We also need to generate functions with different names. Ideally with suffixes like SSE42, AVX2, AVX512.
int /*Insert specific attribute here*/ testFunctionImpl(int value)
{
return value;
}
int AVX2_FUNCTION_SPECIFIC_ATTRIBUTE testFunctionImplAVX2(int value)
{
return value;
}
Split function into header (MULTITARGET_FUNCTION_HEADER), name and body (MULTITARGET_FUNCTION_BODY) to insert specific attribute before name.
MULTITARGET_FUNCTION_AVX2_SSE42(
MULTITARGET_FUNCTION_HEADER(int),
/*We need to insert specific attribute here*/ testFunctionImpl,
MULTITARGET_FUNCTION_BODY((int value)
{
return value;
}))
Our infrastructure is ready.
Now how to find places where SIMD optimizations can be applied?
Make build in our performance tests for AVX, AVX2, AVX512.
If some performance tests will run much faster, we find place for dynamic dispatch.
Wrap such place into our macros.
Find a place using our performance tests.
template <typename Value>
void NO_INLINE addManyImpl(const Value * __restrict ptr, size_t start, size_t end)
{
ptr += start;
size_t count = end - start;
const auto * end_ptr = ptr + count;
/// Loop
T local_sum{};
while (ptr < end_ptr)
{
Impl::add(local_sum, *ptr);
++ptr;
}
Impl::add(sum, local_sum);
}
Wrap function in our dynamic dispatch macro.
MULTITARGET_FUNCTION_AVX2_SSE42(
MULTITARGET_FUNCTION_HEADER(
template <typename Value>
void NO_SANITIZE_UNDEFINED NO_INLINE
), addManyImpl,
MULTITARGET_FUNCTION_BODY((const Value * __restrict ptr, size_t start, size_t end)
{
ptr += start;
size_t count = end - start;
const auto * end_ptr = ptr + count;
/// Loop
T local_sum{};
while (ptr < end_ptr)
{
Impl::add(local_sum, *ptr);
++ptr;
}
Impl::add(sum, local_sum);
}))
Dispatch function based on CPUID:
template <typename Value>
void NO_INLINE addMany(const Value * __restrict ptr, size_t start, size_t end)
{
#if USE_MULTITARGET_CODE
if (isArchSupported(TargetArch::AVX2))
{
addManyImplAVX2(ptr, start, end);
return;
}
else if (isArchSupported(TargetArch::SSE42))
{
addManyImplSSE42(ptr, start, end);
return;
}
#endif
addManyImpl(ptr, start, end);
}
Loop in unary functions.
static void vector(const ArrayA & a, ArrayC & c)
{
/// Loop Op::apply is template for operation
size_t size = a.size();
for (size_t i = 0; i < size; ++i)
c[i] = Op::apply(a[i]);
}
Loop in unary functions.
MULTITARGET_FUNCTION_WRAPPER_AVX2_SSE42(
MULTITARGET_FH(static void NO_INLINE),
vectorImpl,
MULTITARGET_FB((const ArrayA & a, ArrayC & c) /// NOLINT
{
/// Loop Op::apply is template for operation
size_t size = a.size();
for (size_t i = 0; i < size; ++i)
c[i] = Op::apply(a[i]);
}))
roundDuration optimized even better than others using special AVX2 instructions.
For AVX2 we use such optimizations a lot.
For AVX512 currently we do not apply a lot of such optimizations.

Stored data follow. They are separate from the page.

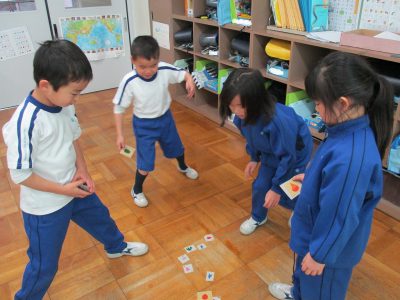 おはじきを1個、3個、5個と増やしながら遊びました。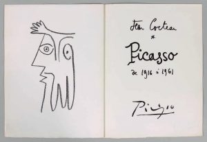 Picasso de 1916 à 1961. Lithographie de PICASSO. Monaco, Éditions du Rocher, 1962; in-4 en ff., couv. ill., emb. Édition réunissant tous les écrits de Cocteau consacrés à Picasso pendant 45 ans. 24 lithographies originales de Picasso sur papier report, dont 11 hors-texte. Exemplaire d’artiste sur Rives, SIGNÉ PAR J. COCTEAU ET P. PICASSO; pet. déchirure à la couverture.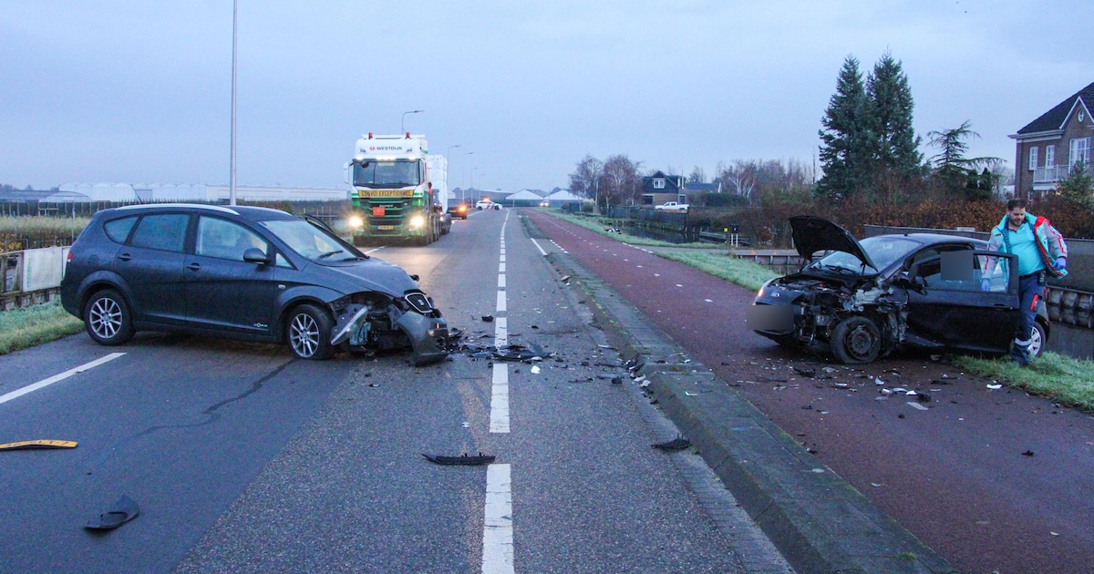 Twee automobilisten zijn dinsdagochtend frontaal met elkaar in botsing gekomen op de Voshol in Boskoop. Daarbij ontstond een ravage. De weg is dicht.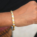 The Prismon 925 Sterling Silver Punjabi Sikhi Kada for Men is a true symbol of faith, strength, and timeless style. Crafted in premium 925 sterling silver, this kada features a dual-tone finish with golden diagonal motifs resembling prisms set against an intricately detailed silver base. The striking combination of gold and silver gives it a bold yet elegant look, making it perfect for everyday wear, festive occasions, or spiritual significance.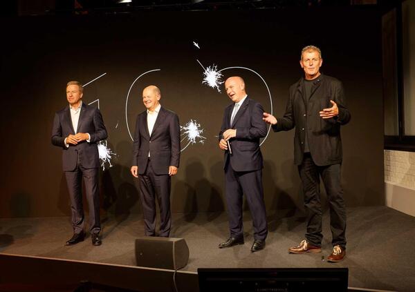 Il Presidente del Consiglio di Amministrazione di BMW AG, Oliver Zipse, e il Direttore di BMW Motorrad, Dr. Markus Schramm, alla presenza del Cancelliere Federale della Repubblica Federale di Germania, Olaf Scholz, e del Sindaco di Berlino, Kai Wegner, hanno inaugurato nella giornata di giovedì 28 settembre, il BMW Motorrad Welt a Berlino come momento culminante delle celebrazioni dell'anniversario del marchio.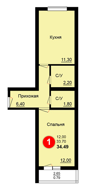 | 1 | 34.0 / 12 м² | от 3 332 000 руб. (98 000 руб./м²) | Планировка | |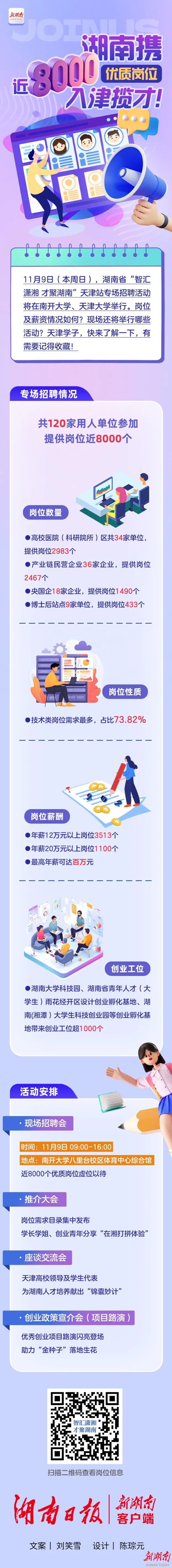 此次天津站專場招聘活動,湖南錨定“4×4”現代化產業體系需求與高校專業優勢的契合點,拿出了包括高校醫院(科研院所)、產業鏈民營企業、央國企和博士后站點等約8000個崗位,覆蓋工程機械、電子信息、生物醫藥、金融服務等多個重點領域。

It potentially could decrease performance of other system parts.
Latest Intel processors like Rocket Lake and Ice Lake fix this issue. We can detect such processors in runtime and then use optimizations.

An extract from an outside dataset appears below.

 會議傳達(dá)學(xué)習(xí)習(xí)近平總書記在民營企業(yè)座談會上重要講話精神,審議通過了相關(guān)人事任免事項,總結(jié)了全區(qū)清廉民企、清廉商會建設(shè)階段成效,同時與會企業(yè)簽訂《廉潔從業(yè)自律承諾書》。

https://stackoverflow.com/questions/56852812/simd-instructions-lowering-cpu-frequency
We have AVX, AVX2, AVX512 pull requests that periodically build ClickHouse to check if there are some places to improve.
https://github.com/ClickHouse/ClickHouse/pull/34071
1. CI/CD infrastructure, especially performance tests, must be the core component of a high performance system.

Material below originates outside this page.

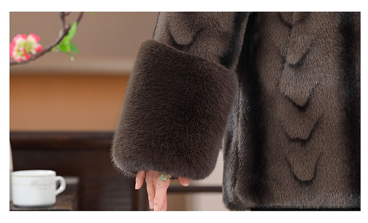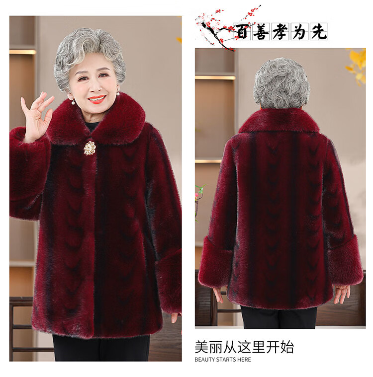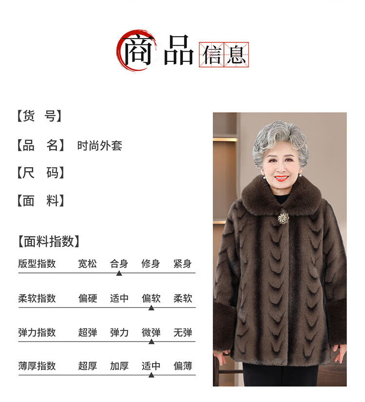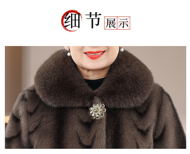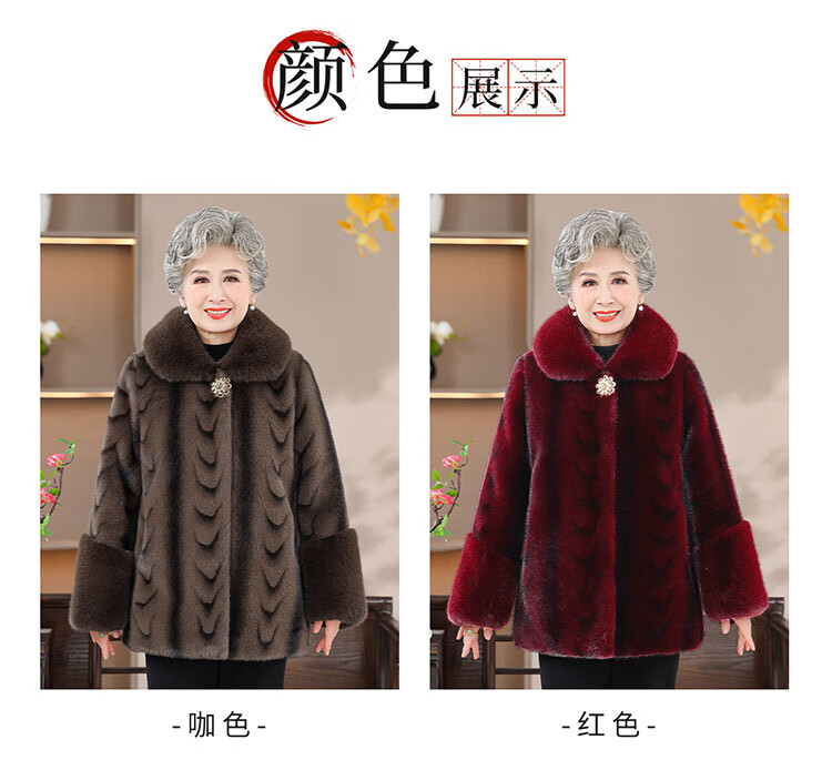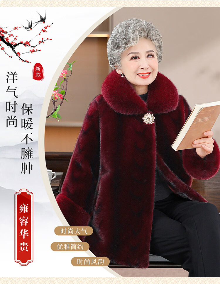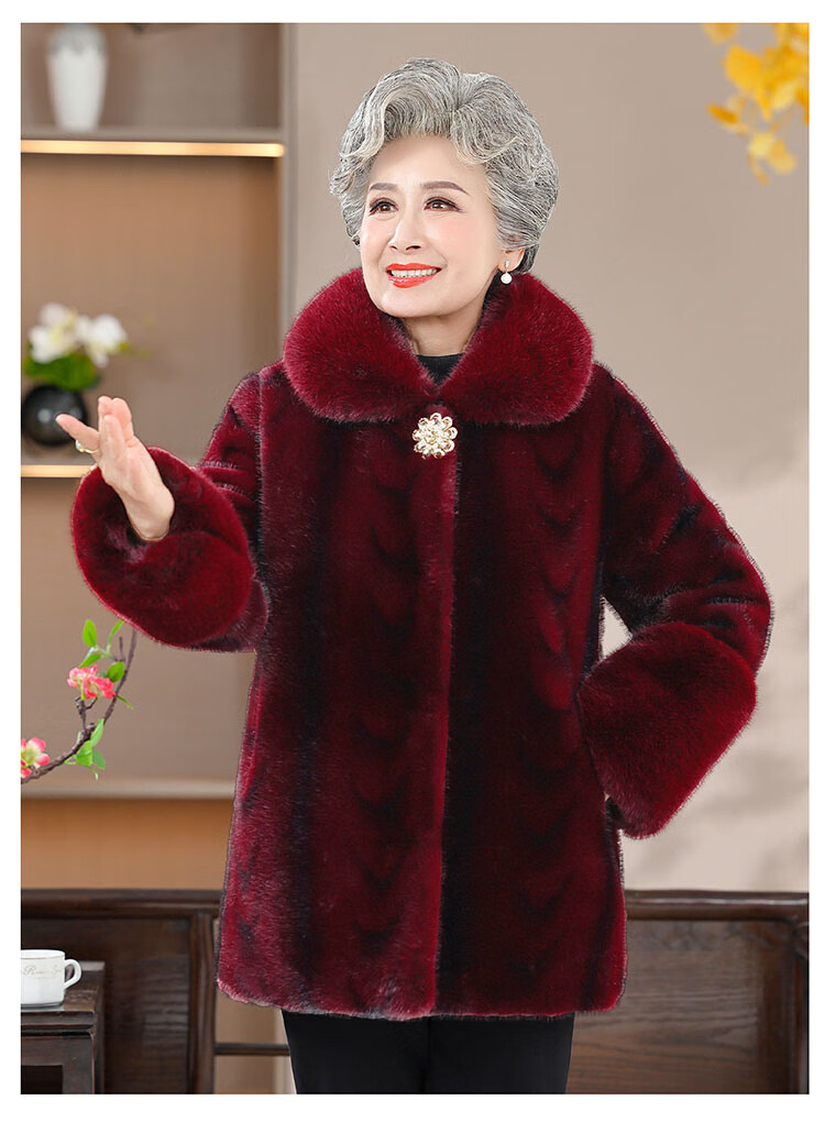 漫花格老年冬装女加绒加厚外套妈妈加绒仿皮草奶奶装冬季仿貂绒套装 咖啡色上衣+加绒裤 XL 建议85-105斤

2. Without deep introspection it is hard to investigate issues with performance.
3. For high performance systems interfaces must be determined by algorithms.
4. Add specializations for special cases.
5. Tune your performance using low-level techniques (Data layout, JIT compilation, Dynamic Dispatch).